In a mind-bending new paper, one researcher calculates that there are as many as four "malicious" alien civilizations in our home Milky Way galaxy alone.
According to the yet-to-be-peer-reviewed paper, by Spanish researcher Alberto Caballero, it's not a leap to assume that if aliens are anything like humans — that is, if they're warlike and prone to invade the territory of others — there's a pretty strong probability that some number would pose at least a potential threat to us Earthlings.
The first caveat, as Vice notes in an interview with Caballero, is that the sole author of the paper is not an astrophysicist, but a conflict resolution PhD student at Spain's University of Vigo. He has, however, demonstrated acumen in the search for extraterrestrial intelligence (SETI) field by publishing a separate paper in the University of Cambridge's peer reviewed International Journal of Astrobiology about the potential origins of the notorious WOW! signal.
Part thought experiment and part game theory, Caballero's admittedly out-there paper is also interesting because of the way he reached his conclusions: by using a formula that takes into consideration how technologic advances seem to make civilizations less likely to invade one another.
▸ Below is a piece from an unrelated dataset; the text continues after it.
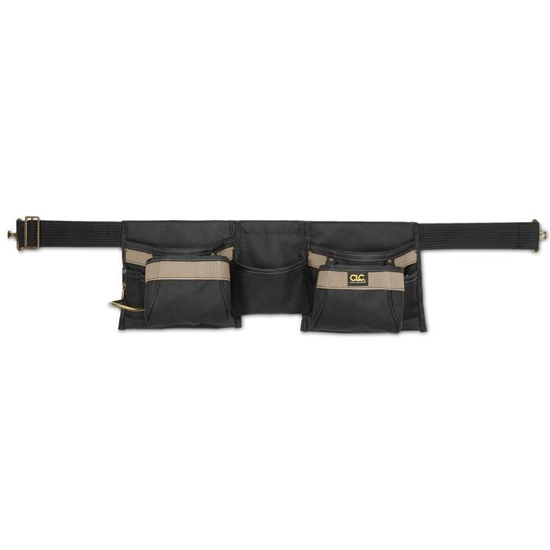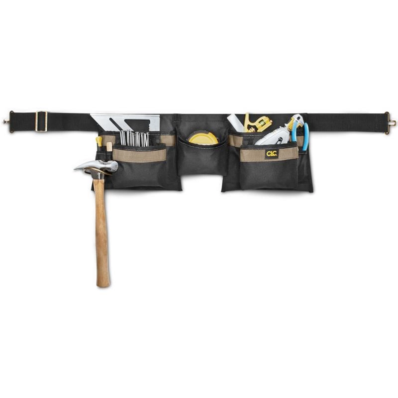 - Pas narzędziowy o szerokości 50 mm z zapinaną klamrą, 5 głównymi kieszeniami, 3 mniejszymi kieszeniami, posiadający stalową szlufkę na młotek.

By using known data about the ways humans have historically invaded each others' territories and comparing it to the number of assumed habitable exoplanets in the Milky Way, this alien-focused conflict resolution researcher deduced that although there could be up to four hostile alien civilizations in our galaxy, Earth is vastly more likely to be destroyed by an asteroid than to be invaded by bloodthirsty aliens.
"I did the paper based only on life as we know it," Caballero told Vice. "We don’t know the mind of extraterrestrials. An extraterrestrial civilization may have a brain with a different chemical composition and they might not have our empathy or they might have more psychopathological behaviors."
That's a fair point. There's a whole lot of base assumptions going into Caballero's paper: first, that an extraterrestrial civilization would even be interested enough in humanity to invade us, and secondly that increases in technological advancements would make them less warlike and not more so.
But given that space peace between the US and Russia continues to hold fast amid the latter's US-opposed invasion of Ukraine, maybe it's not such a stretch to believe that if aliens think anything like us, their potential ability to travel the cosmos would subdue their bloodlust.